Evolution and Systematics
Hummingbirds hover in flight to gather nectar thanks to several physiological mechanisms.
"Hummingbirds are highly evolved, specialized nectarivores. Their feeding behavior requires the ability for hovering flight, a mode of locomotion that necessitates specific skeletal, muscular, physiological, and metabolic adaptations." (Fowler and Miller 2003:235)
"The most highly specialised of all nectar-feeding birds, however, are South American - hummingbirds...They can beat their wings so swiftly and articulate them so accurately that they can hang in the air in front of a flower." (Attenborough 1995:118)
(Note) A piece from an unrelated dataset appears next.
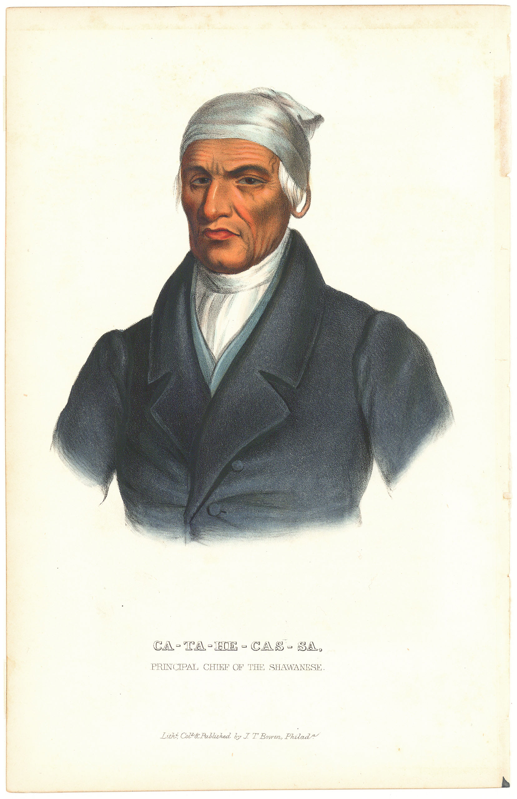 DESCRIPTION: From the octavo edition of "History of the Indian Tribes of North America" by Thomas L. McKenney and James Hall. Lithographed, printed and colored by J. T. Bowen, Philadelphia.

"Hummingbirds and insects have evolved for sustained hovering flight from vastly different ancestral directions, and their distinct phylogenies underlie the differences in their aerodynamic styles. In all other birds—and, presumably, hummingbird ancestors—the downstroke provides 100% of weight support during slow flight and hovering [hummingbirds today, produce 75% of their weight support during the downstroke and only 25% during the upstroke]. Given that many birds possess the mass-specific power (using anaerobic metabolism) to hover for short periods, the selective pressure on hummingbird ancestors was probably for increased efficiency (resulting in stiff wings with greatly simplified kinematics), and an upstroke muscle (the supracoracoideus) that makes the recovery stroke rapid, while contributing enough to the hovering power requirements to allow the downstroke muscle (the pectoralis) to operate within its aerobic limits. In other words, this pseudosymmetrical wingbeat cycle is good enough, and although hummingbirds do not exhibit the elegant aerodynamic symmetry of insects, natural selection rewards 'good enough' as richly as it does our aesthetic ideals." (Warrick et al. 2005:1096)
Learn more about this functional adaptation.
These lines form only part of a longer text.